++++ SOURCE DATA ++++

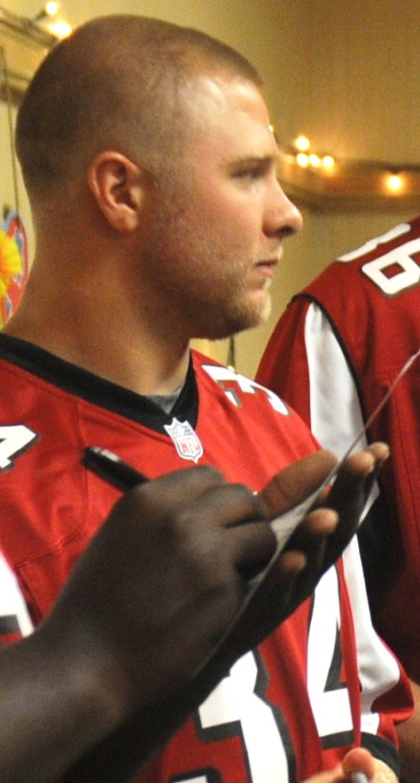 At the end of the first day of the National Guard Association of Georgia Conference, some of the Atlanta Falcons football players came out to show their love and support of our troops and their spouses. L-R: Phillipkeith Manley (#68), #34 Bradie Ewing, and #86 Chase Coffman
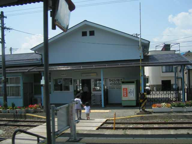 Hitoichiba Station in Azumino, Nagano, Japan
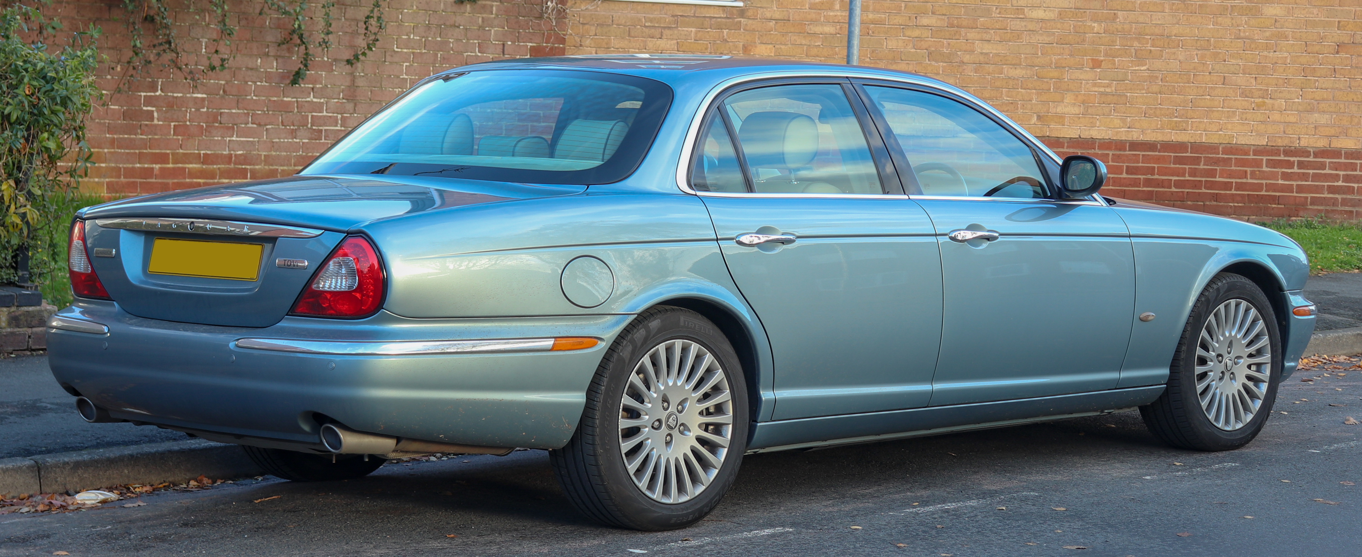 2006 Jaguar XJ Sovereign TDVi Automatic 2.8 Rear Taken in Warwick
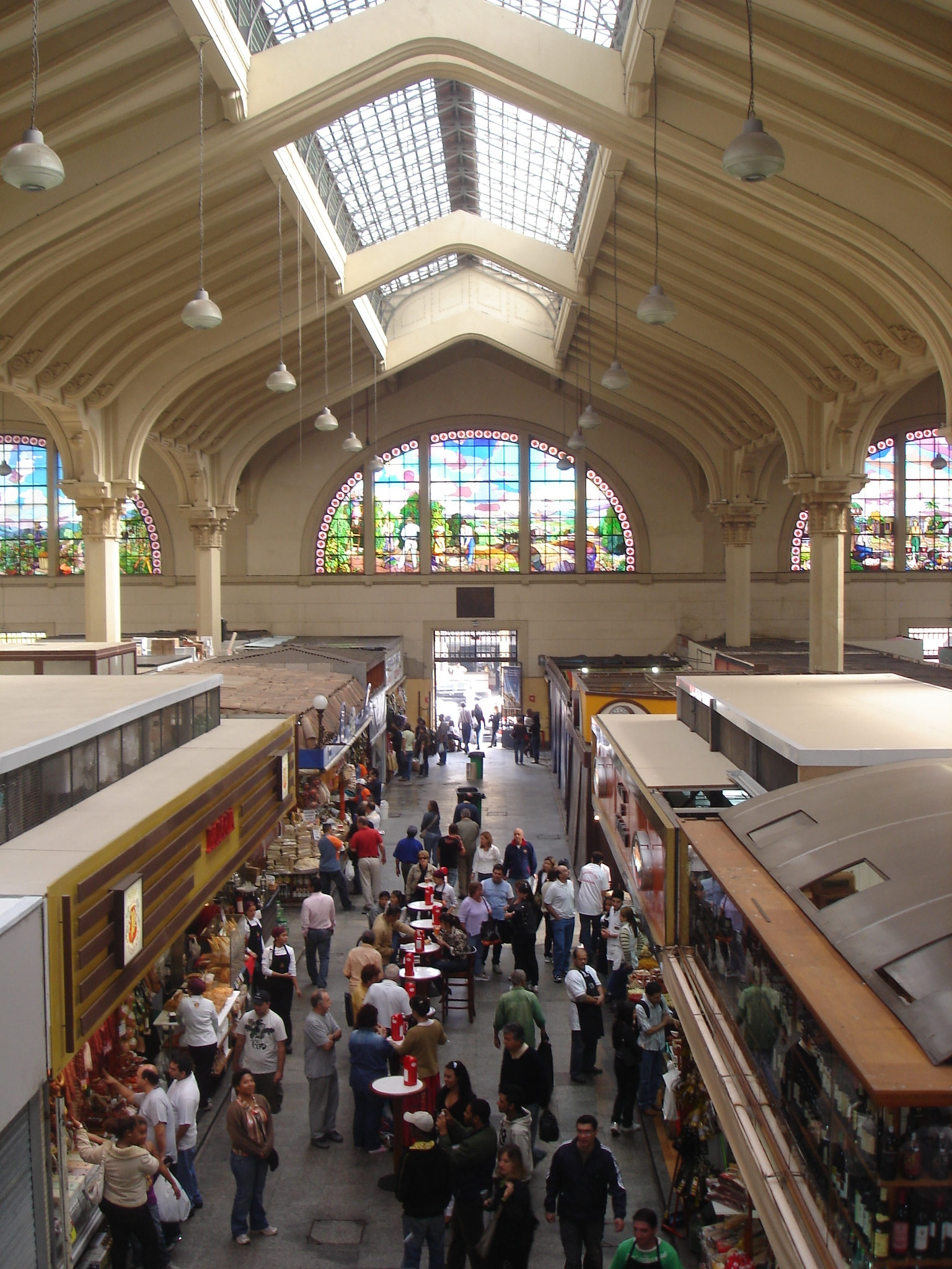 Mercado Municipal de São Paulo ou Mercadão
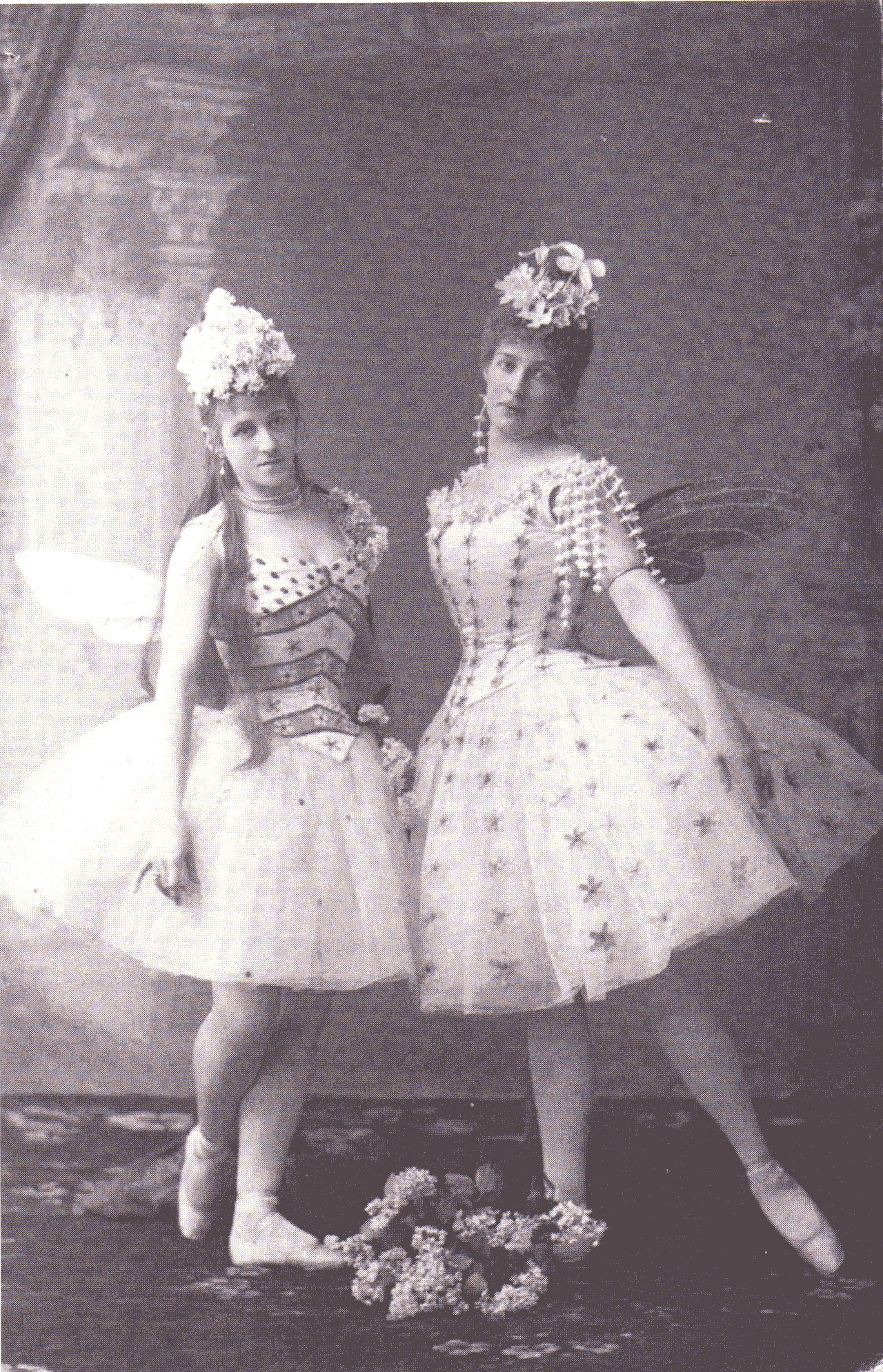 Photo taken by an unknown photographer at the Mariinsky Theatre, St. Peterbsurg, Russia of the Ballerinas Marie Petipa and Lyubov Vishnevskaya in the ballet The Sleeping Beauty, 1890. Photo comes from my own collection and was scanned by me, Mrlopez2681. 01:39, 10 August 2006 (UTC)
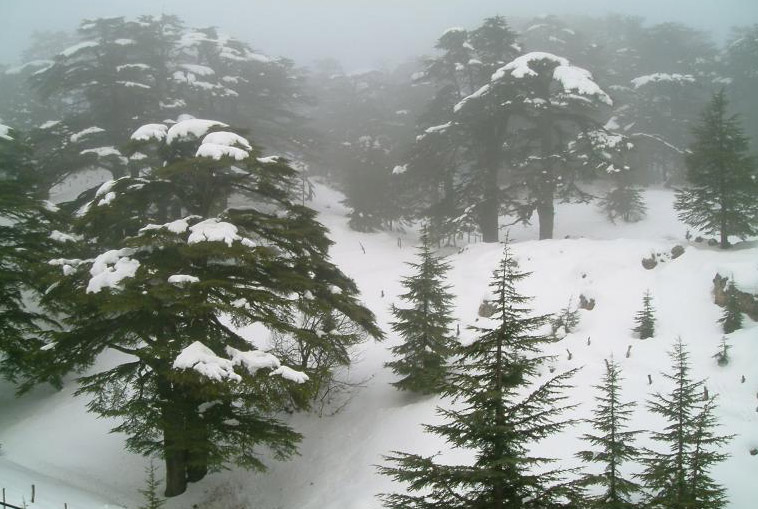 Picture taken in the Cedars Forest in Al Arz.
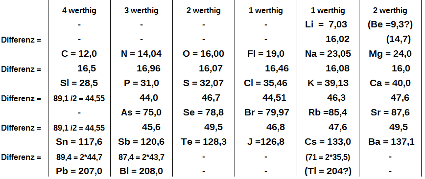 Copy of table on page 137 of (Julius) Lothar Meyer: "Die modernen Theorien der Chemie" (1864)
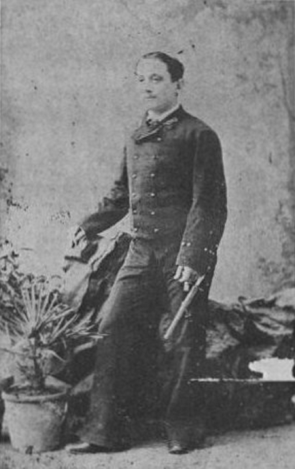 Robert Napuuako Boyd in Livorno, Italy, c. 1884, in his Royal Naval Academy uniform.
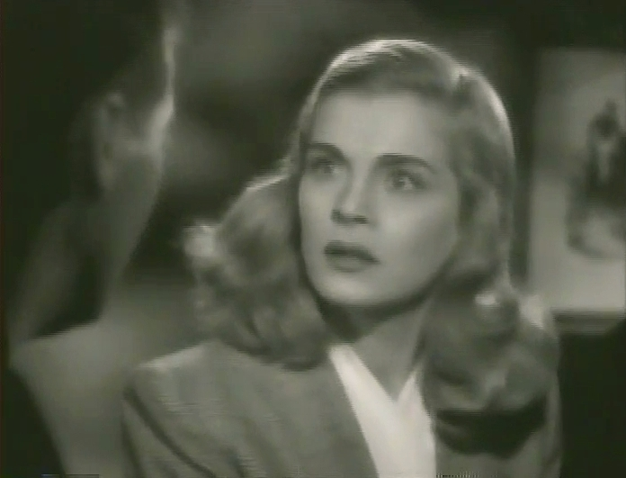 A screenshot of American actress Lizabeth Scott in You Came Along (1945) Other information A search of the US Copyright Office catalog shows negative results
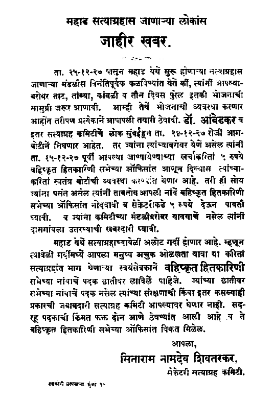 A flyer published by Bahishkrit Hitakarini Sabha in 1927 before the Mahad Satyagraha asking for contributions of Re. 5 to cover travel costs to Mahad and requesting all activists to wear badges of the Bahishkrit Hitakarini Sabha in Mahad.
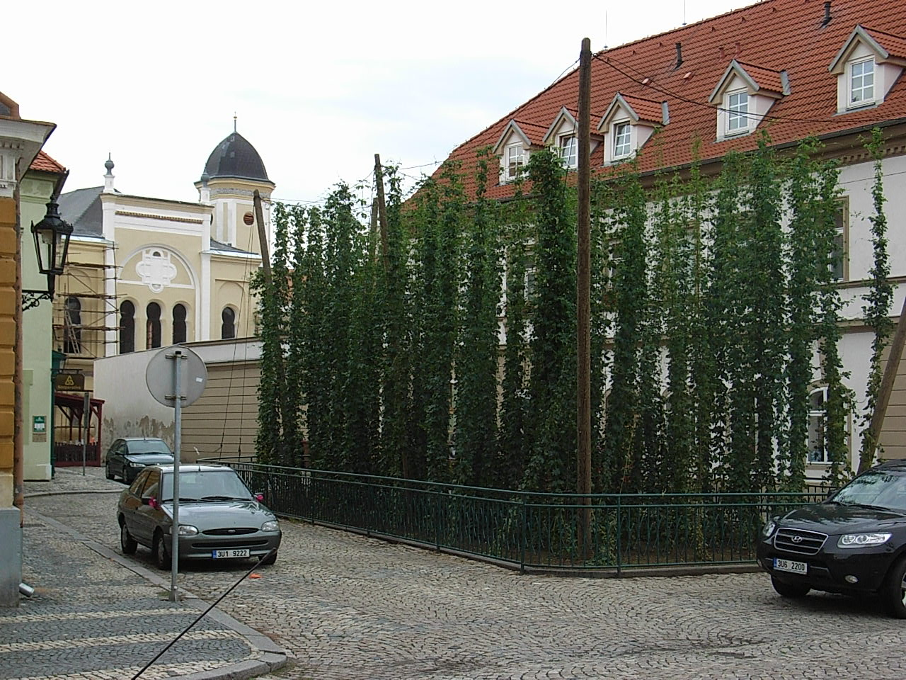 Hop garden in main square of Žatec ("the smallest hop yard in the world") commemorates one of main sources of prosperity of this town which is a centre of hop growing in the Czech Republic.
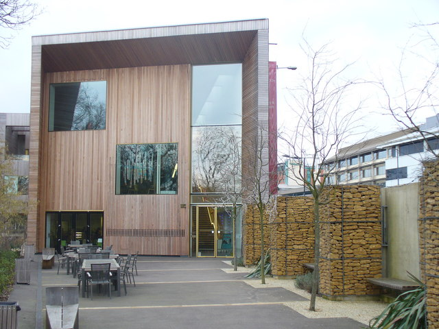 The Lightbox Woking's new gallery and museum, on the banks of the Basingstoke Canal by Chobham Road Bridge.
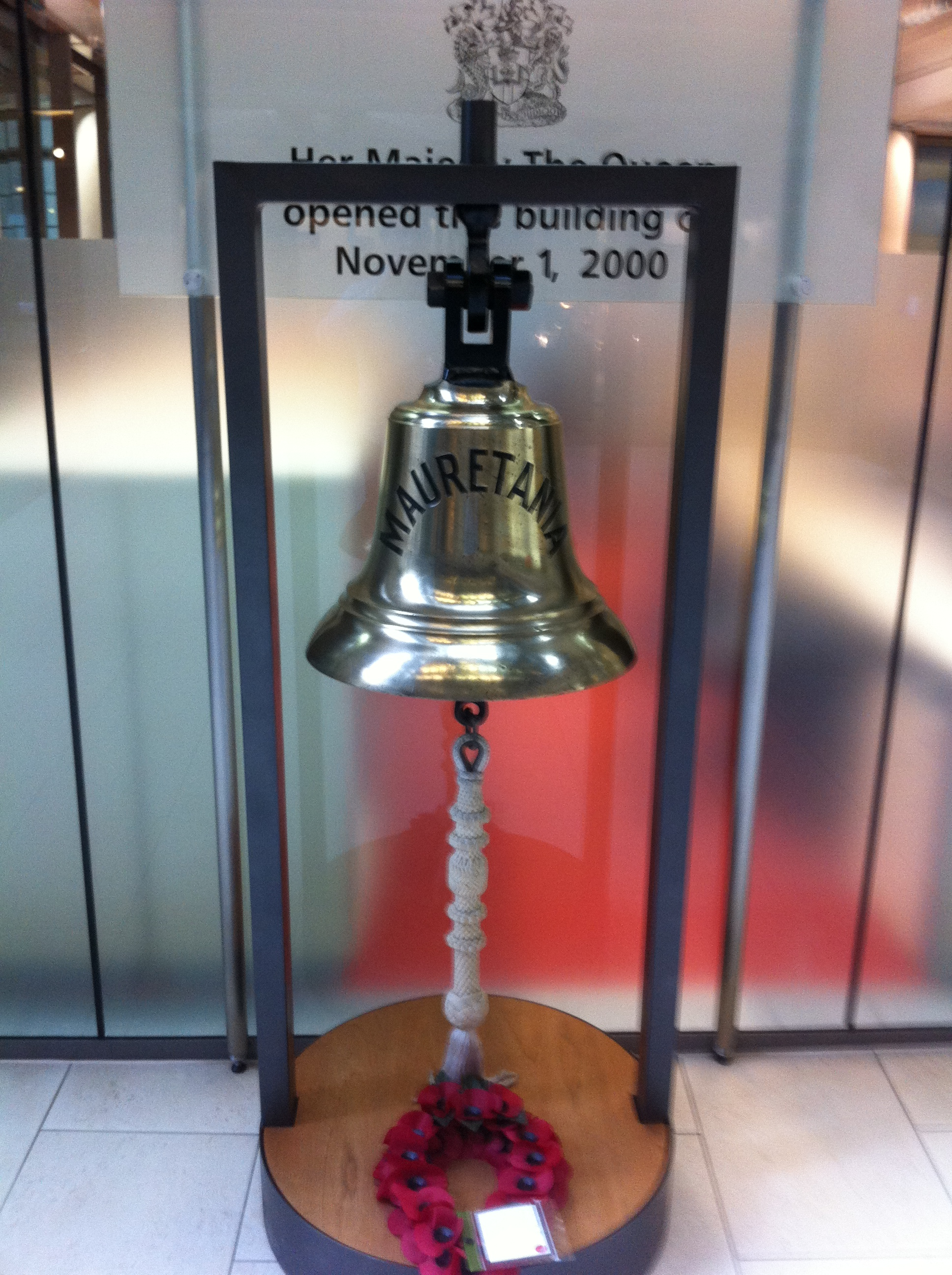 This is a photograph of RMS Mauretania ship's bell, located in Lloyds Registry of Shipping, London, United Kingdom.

++++

▶ WORK INSTRUCTION
Would you repeat the entries exactly, but with no pictures?

▶ WORKED SOLUTION
 At the end of the first day of the National Guard Association of Georgia Conference, some of the Atlanta Falcons football players came out to show their love and support of our troops and their spouses. L-R: Phillipkeith Manley (#68), #34 Bradie Ewing, and #86 Chase Coffman
 Hitoichiba Station in Azumino, Nagano, Japan
 2006 Jaguar XJ Sovereign TDVi Automatic 2.8 Rear Taken in Warwick
 Mercado Municipal de São Paulo ou Mercadão
 Photo taken by an unknown photographer at the Mariinsky Theatre, St. Peterbsurg, Russia of the Ballerinas Marie Petipa and Lyubov Vishnevskaya in the ballet The Sleeping Beauty, 1890. Photo comes from my own collection and was scanned by me, Mrlopez2681. 01:39, 10 August 2006 (UTC)
 Picture taken in the Cedars Forest in Al Arz.
 Copy of table on page 137 of (Julius) Lothar Meyer: "Die modernen Theorien der Chemie" (1864)
 Robert Napuuako Boyd in Livorno, Italy, c. 1884, in his Royal Naval Academy uniform.
 A screenshot of American actress Lizabeth Scott in You Came Along (1945) Other information A search of the US Copyright Office catalog shows negative results
 A flyer published by Bahishkrit Hitakarini Sabha in 1927 before the Mahad Satyagraha asking for contributions of Re. 5 to cover travel costs to Mahad and requesting all activists to wear badges of the Bahishkrit Hitakarini Sabha in Mahad.
 Hop garden in main square of Žatec ("the smallest hop yard in the world") commemorates one of main sources of prosperity of this town which is a centre of hop growing in the Czech Republic.
 The Lightbox Woking's new gallery and museum, on the banks of the Basingstoke Canal by Chobham Road Bridge.
 This is a photograph of RMS Mauretania ship's bell, located in Lloyds Registry of Shipping, London, United Kingdom.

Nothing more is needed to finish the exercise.